%%
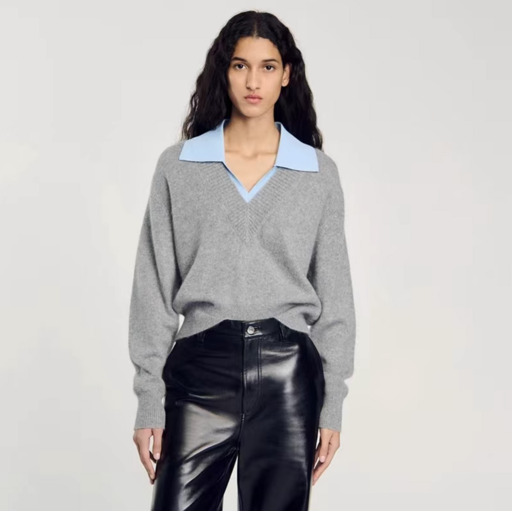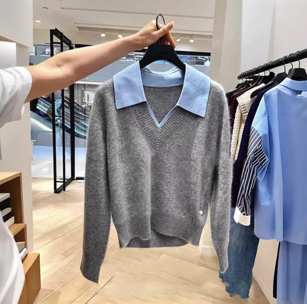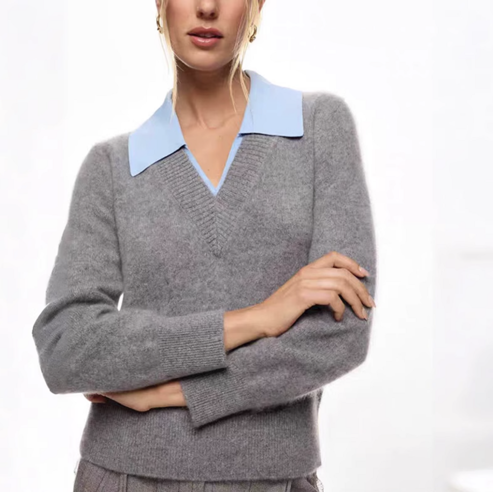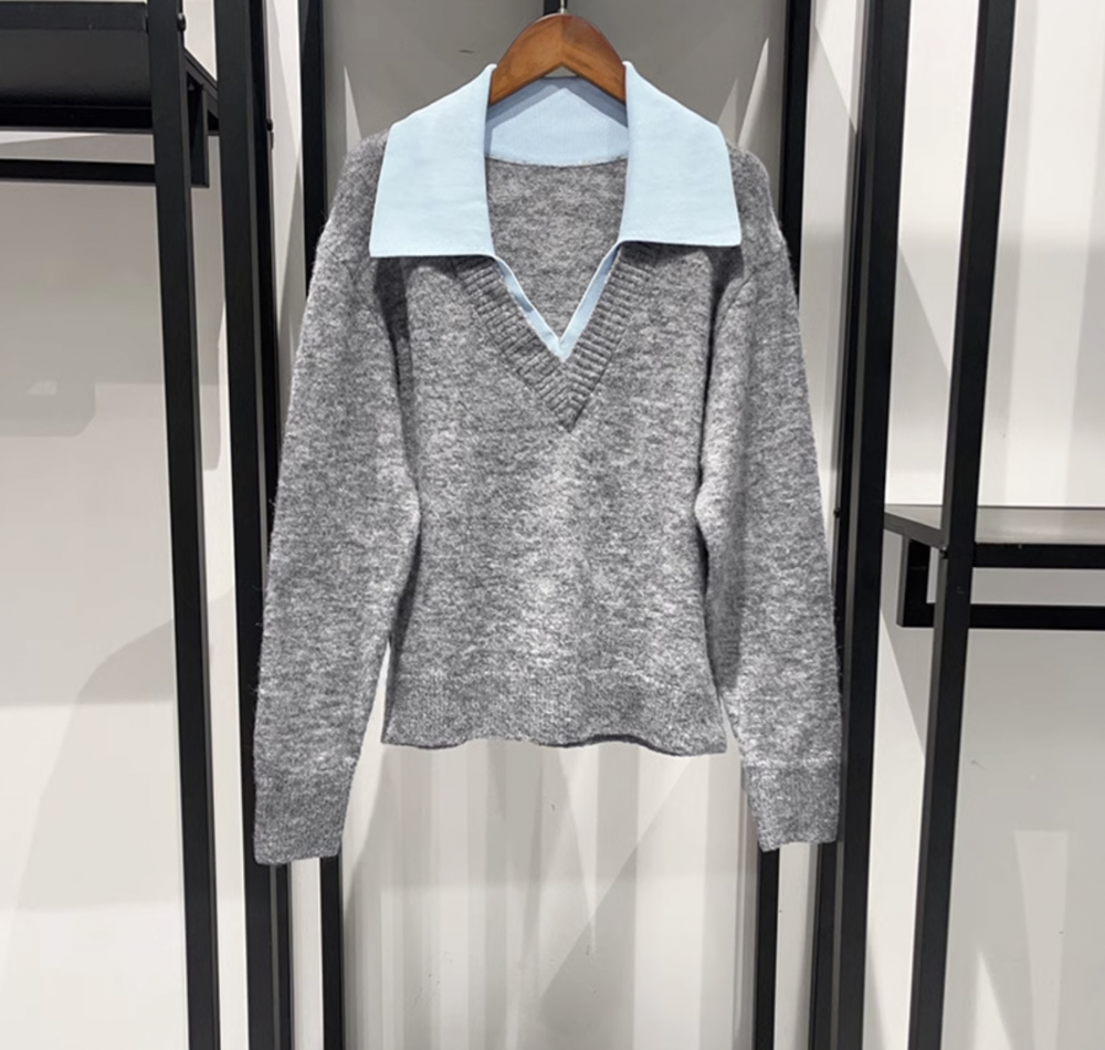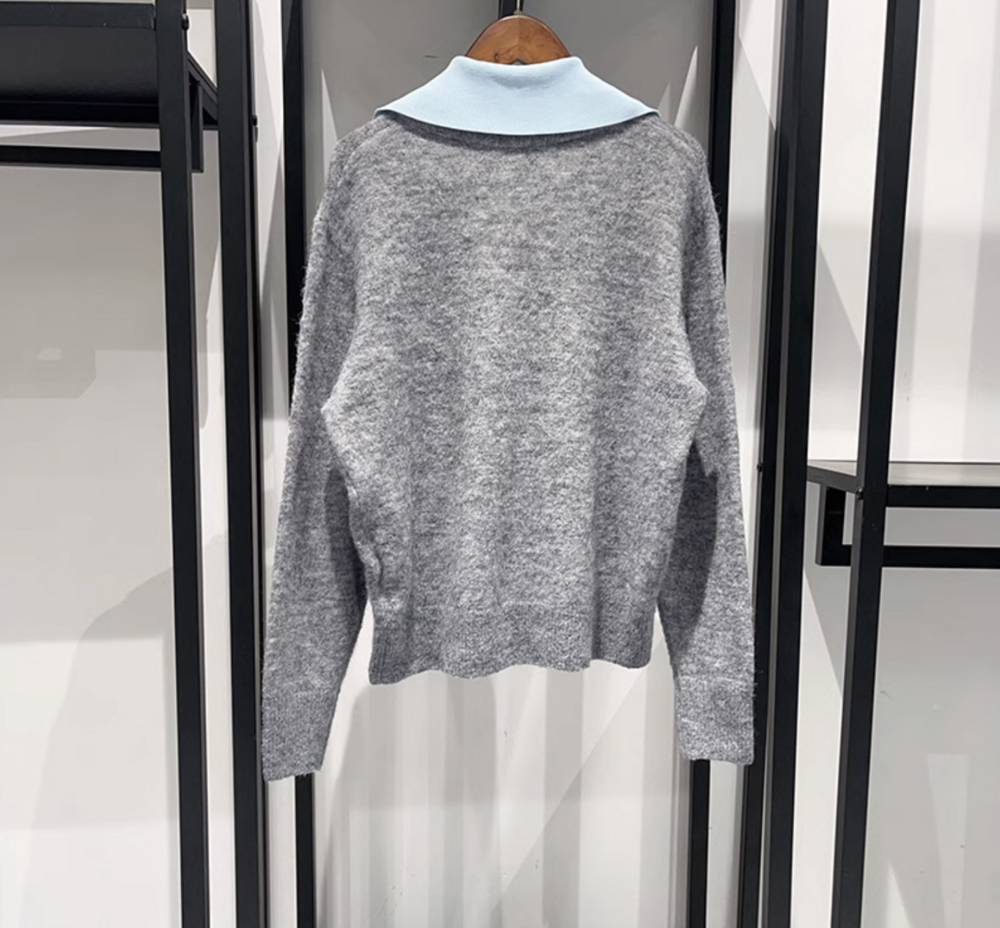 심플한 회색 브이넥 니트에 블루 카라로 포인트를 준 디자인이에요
%%
%%
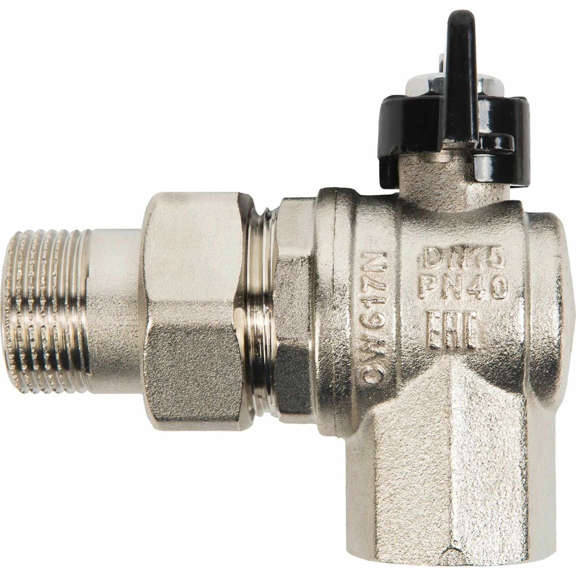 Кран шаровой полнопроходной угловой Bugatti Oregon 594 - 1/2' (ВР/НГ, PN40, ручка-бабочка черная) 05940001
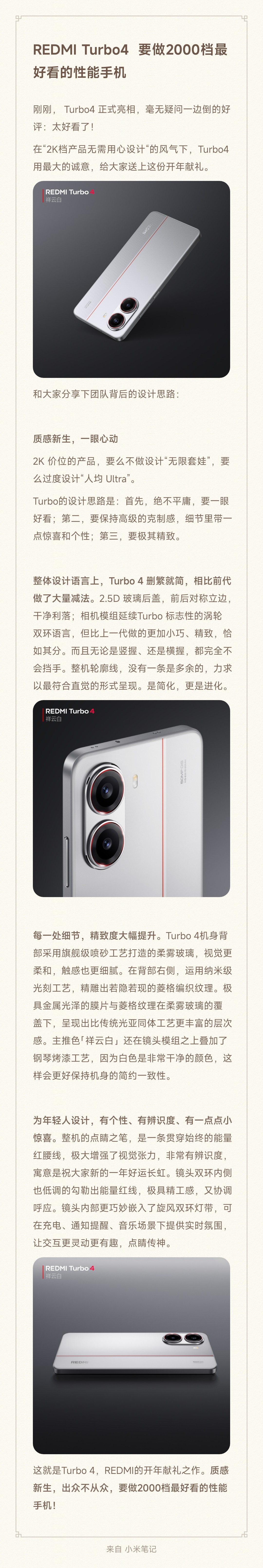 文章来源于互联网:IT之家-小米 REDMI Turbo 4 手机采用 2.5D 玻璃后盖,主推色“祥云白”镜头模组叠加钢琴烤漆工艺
%%
%%
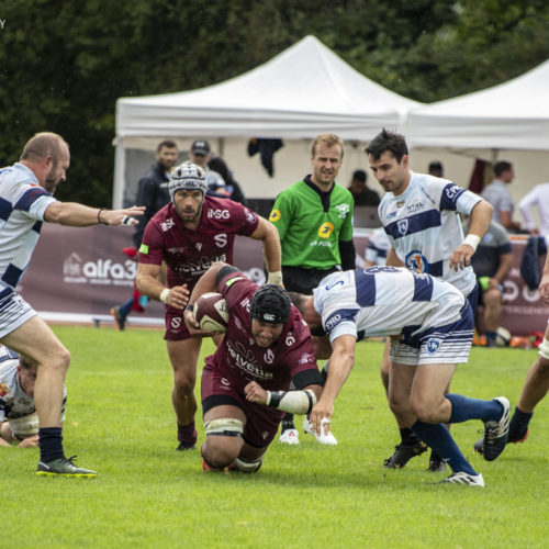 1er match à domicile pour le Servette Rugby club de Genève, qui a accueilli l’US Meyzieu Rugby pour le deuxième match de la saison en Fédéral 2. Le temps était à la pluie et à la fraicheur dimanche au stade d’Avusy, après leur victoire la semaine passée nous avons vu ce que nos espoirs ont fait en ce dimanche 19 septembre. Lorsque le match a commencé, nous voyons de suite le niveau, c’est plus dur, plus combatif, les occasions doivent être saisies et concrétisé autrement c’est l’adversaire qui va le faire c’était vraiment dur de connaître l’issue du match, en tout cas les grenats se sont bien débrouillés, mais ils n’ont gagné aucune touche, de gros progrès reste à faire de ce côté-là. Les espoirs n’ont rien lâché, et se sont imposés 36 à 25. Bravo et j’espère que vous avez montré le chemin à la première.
%%
[Problem] Your output should be the lines above from the one that contains "Кран шаровой полнопроходной" through the one that contains "文章来源于互联网:IT之家-小米 REDMI Turbo", word for word, with pictures left out.

[Task response]
 Кран шаровой полнопроходной угловой Bugatti Oregon 594 - 1/2' (ВР/НГ, PN40, ручка-бабочка черная) 05940001
 文章来源于互联网:IT之家-小米 REDMI Turbo 4 手机采用 2.5D 玻璃后盖,主推色“祥云白”镜头模组叠加钢琴烤漆工艺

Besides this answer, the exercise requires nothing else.